Node.js Detected with Vulnerability encountered by Captain Freak

 

Node.js is a cross-platform, open-source, JavaScript back-end operating environment running on Chrome V8 and running JavaScript programming from outside a Web browser. Recently a vulnerability in Node.js could have been used to exploit the framework and achieve remote code execution (RCE). 

A report published on January 23, by Shoeb 'Captain Freak' Patel a self-described 'want to be' security researcher, says that the analysis indicates that Express.js might be prone to read local file errors. In conjunction with an old version of the Handlebars engine (Handlebars is a popular templating engine for web applications.), the malicious code may be run remotely. “If you are using Express.Js with Handlebars as templating engine invoked via hubs view engine, for Server Side Rendering, you are likely vulnerable to Local File Read (LFR) and potential Remote Code Execution (RCE),” stated Captain Freak. 

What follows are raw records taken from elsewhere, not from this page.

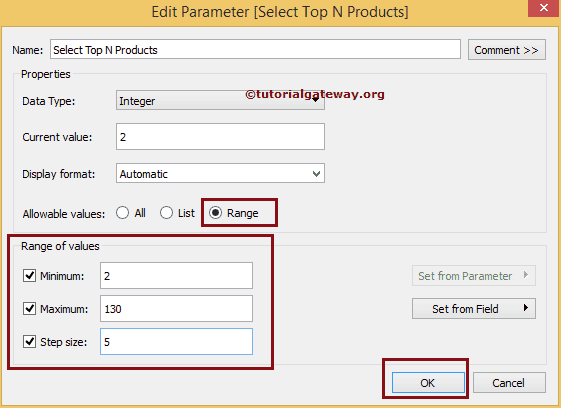 让我们将 Tableau 参数的“允许的值”从“所有”更改为“范围”,并添加最小值和最大值。
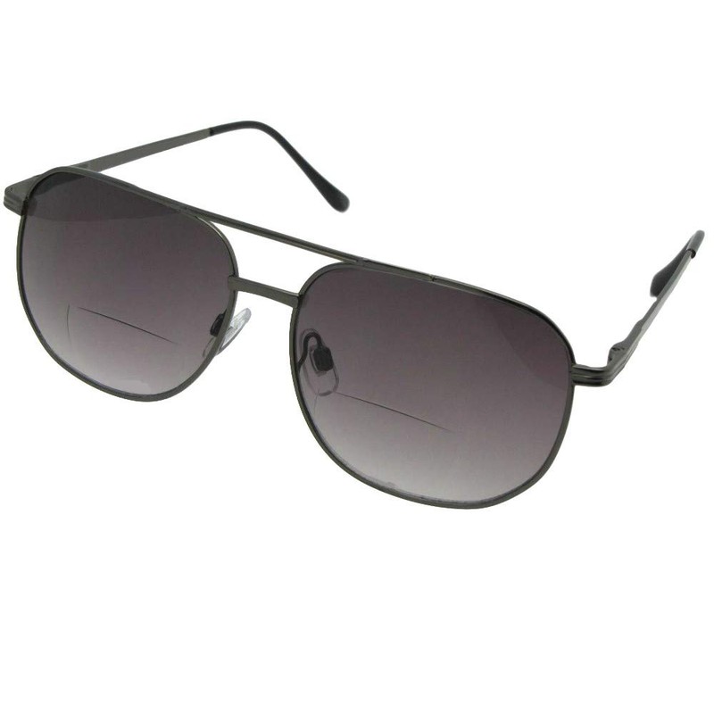 Square Shape Bifocal Sunglasses B14 (Pewter Frame Gray Lenses, 2.50)
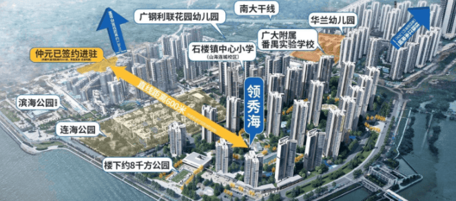 社区周边500米内还有华师大附属华兰幼儿园、山海连城公立幼儿园,888米可达广大附中番禺实验学校
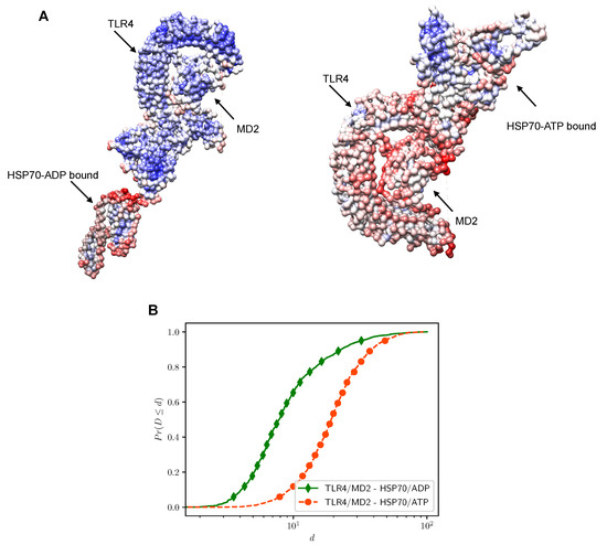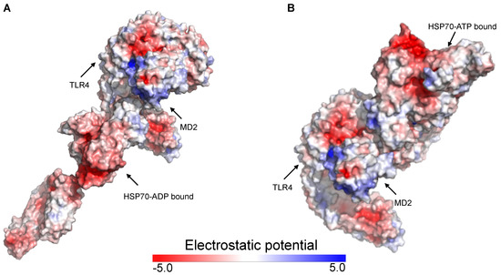 The proteins within the HSP70 family are pervasive across all domains of life [24] having considerable sequence similarity among them [25,26]. Most of our understanding of the 3D structure and allosteric rearrangement of HSP70 comes from work conducted with the prokaryotic homologous DnaK [27,28]. Studies conducted with this protein showed that HSP70 has two conserved domains [nucleotide-binding domain (NBD) and (substrate-binding domain (SBD)] [29,30]. While the SBD binds client proteins, the NBD binds and hydrolyzes ATP. Hydrolysis of ATP regulates the thermodynamics and kinetics of the reactions where HSP70 is involved [27]. Likewise, the overall 3D structure of the protein undergoes extensively allosteric rearrangement upon hydrolysis of ATP, which affects substrate affinity [30,31]. HSP70 in its ADP state has a high affinity for substrates at the expense of reducing the rate of reactions, whereas HSP70 in its ATP state depletes substrate affinity and increases the speed of the reaction [27,29,30]. Besides changes in its 3D structure, the rearrangement cycle undergone by HSP70 affects the overall distribution of the electrostatic potential in the surface of the molecule. As shown in Figure 1, HSP70 has a negative surface potential, which might favor the interaction with positively charged receptors [32] such as the co-adaptor MD2 [33], a protein known for physically associating with TLR4 [34].
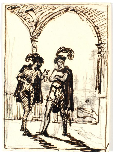 This small sketch, "Gademusikanter" by Wilhelm Marstrand, captures a street musician playing the violin, accompanied by another figure with a stringed instrument and a child. These characters represent a timeless archetype: the itinerant entertainer. The violin itself is laden with cultural significance. From ancient lyres to medieval fiddles, stringed instruments have long been associated with merriment, but also with deeper, more ecstatic emotional states. Think of Orpheus, whose lyre could charm even the gods of the underworld. Here, Marstrand's violinist evokes a sense of movement and vitality. Yet, such depictions are never static. Consider the Commedia dell'Arte tradition, where wandering players embody the unpredictable currents of life. What begins as joyous can quickly turn melancholic, a reminder of life's ever-shifting nature. This is a cultural memory, an echo of humanity's shared experiences.
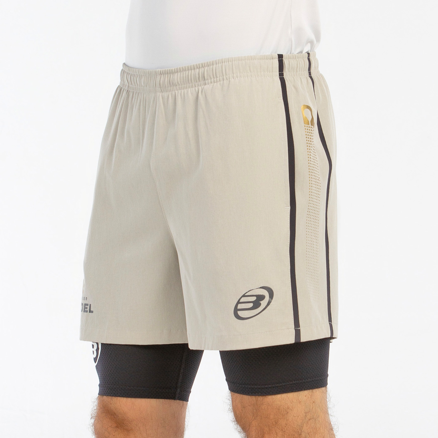 Bermuda en tejido a la plana de poliéster, elástica en dos direcciones. Cuenta con la tecnología Binamic, aplicada a tejidos bielásticos, integrando también el acabado de secado rápido. Diseño compuesto de pantalón con un largo de 42 cm, cinturilla ajustable con cordón, bolsillos y suspensorio interior de rejilla elástica. Decorada con los gráficos de Premier Padel.

Further Captain Freak has claimed that because of his experience with the developer's code he wanted to search for flaws in Node.js, Express.js, and Handlebars. He said that he "stumbled" last week over a vital local security file that demanded a payload of fewer than 10 lines of code for the RCE exploit, and “To be honest, I should not have been that surprised.” 

“The betrayal by in-built modules, dependencies, and packages have been the reason to introduce numerous security bugs. This is a recurring theme in software security,” added Captain Freak. 

He elucidated that if the target user is responding with X-Powered-By: Express and there is HTML in responses, it’s highly likely that Node.js with server-side templating is being used. For which the user can attach a layout to the discovery for the GET or POST body parameter in their wordlist. If the arbitrary value of layout parameter added is resulting in 500 Internal Server Error with ENOENT: no such file or directory in body, then the user has hit the LFR. 

The treason of built-in modules, dependencies, and applications has contributed to various security vulnerabilities. In software safety, this is still a recurrent issue. Captain Freak created a CTF challenge to verify whether or not this was understood, and he shared it with several of his talented friends from different Network security, Node, Backend Tech, CTF, and Bug Bounty internet forums. 

Later this turned out to be a not known vulnerability, only 4 people (all CTFers) were able to solve this problem even after providing the whole source code. Captain Freak discovered, strange code at Node.js, that any file with an extension could be read from the root view directory, + layout and forwarded to handlebars; Compilation of which lets us use the HTML file that we fully monitor after compiling the file. RCE will then be triggered with particular specifications, requiring the use of versions 4.0.3 and below. This issue has been patched in Handlebars versions 4.1.2, 4.0.14, and later. 

“I wrote about it so that the whole Node.js and web development community [would] know about this quirky behavior in this stack,” stated Captain Freak.